_EXTRACTED DATA_

== Segment start ==

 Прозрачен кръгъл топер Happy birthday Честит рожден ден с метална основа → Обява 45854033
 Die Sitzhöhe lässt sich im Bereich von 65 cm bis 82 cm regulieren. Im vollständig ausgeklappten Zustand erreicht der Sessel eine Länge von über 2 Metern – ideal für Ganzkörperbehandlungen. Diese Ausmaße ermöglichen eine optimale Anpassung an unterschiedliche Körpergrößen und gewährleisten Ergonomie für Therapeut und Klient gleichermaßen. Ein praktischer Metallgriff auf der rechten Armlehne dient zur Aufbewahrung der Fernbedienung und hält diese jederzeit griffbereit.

== Segment end ==
== Segment start ==

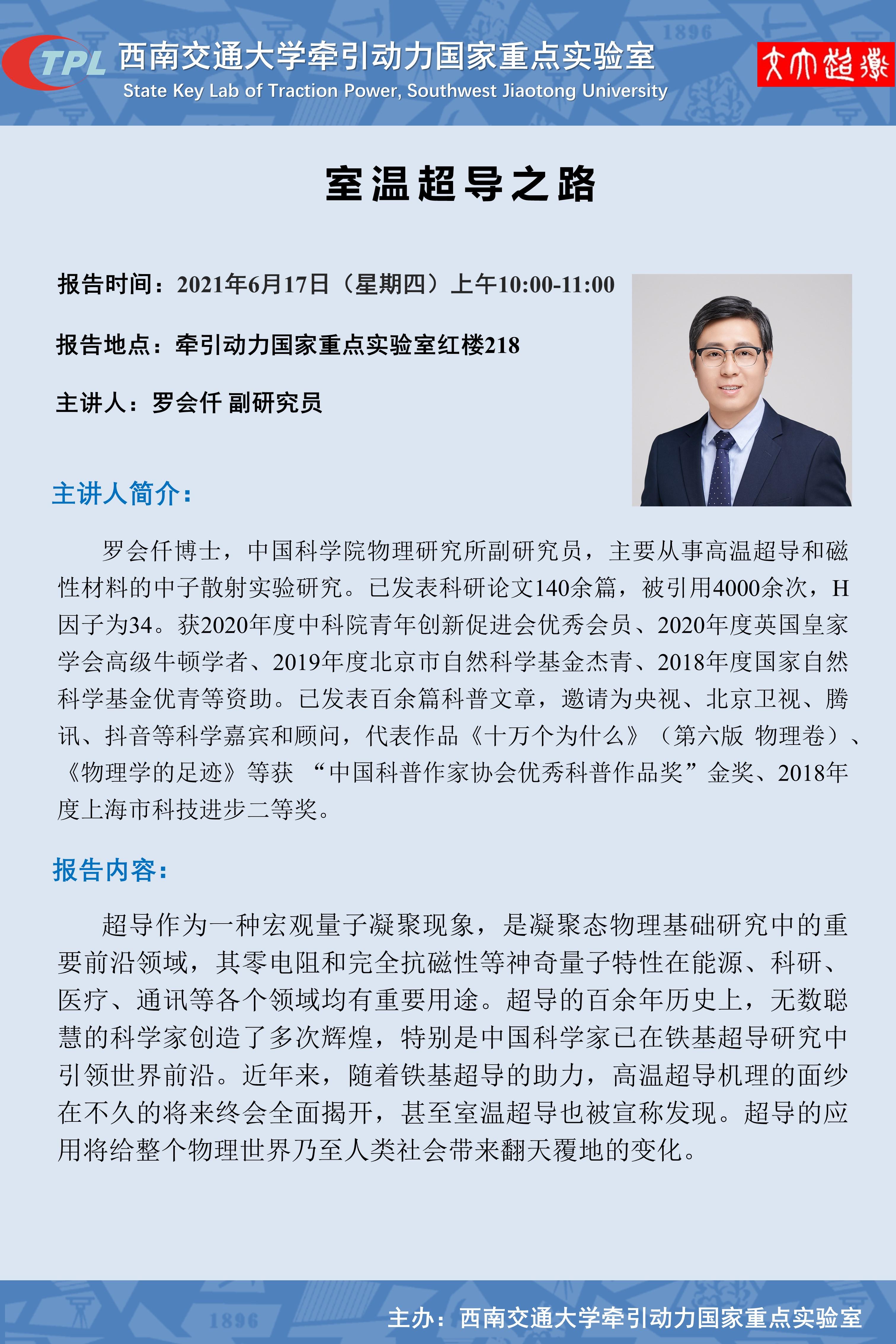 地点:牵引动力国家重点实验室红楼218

== Segment end ==

_WHAT YOU ARE ASKED TO DO_
Look above for the line with "Прозрачен кръгъл топер" and the line with "Die Sitzhöhe lässt". Retype those two lines and every line between them exactly, adding nothing.

_ANSWER BOX_
 Прозрачен кръгъл топер Happy birthday Честит рожден ден с метална основа → Обява 45854033
 Die Sitzhöhe lässt sich im Bereich von 65 cm bis 82 cm regulieren. Im vollständig ausgeklappten Zustand erreicht der Sessel eine Länge von über 2 Metern – ideal für Ganzkörperbehandlungen. Diese Ausmaße ermöglichen eine optimale Anpassung an unterschiedliche Körpergrößen und gewährleisten Ergonomie für Therapeut und Klient gleichermaßen. Ein praktischer Metallgriff auf der rechten Armlehne dient zur Aufbewahrung der Fernbedienung und hält diese jederzeit griffbereit.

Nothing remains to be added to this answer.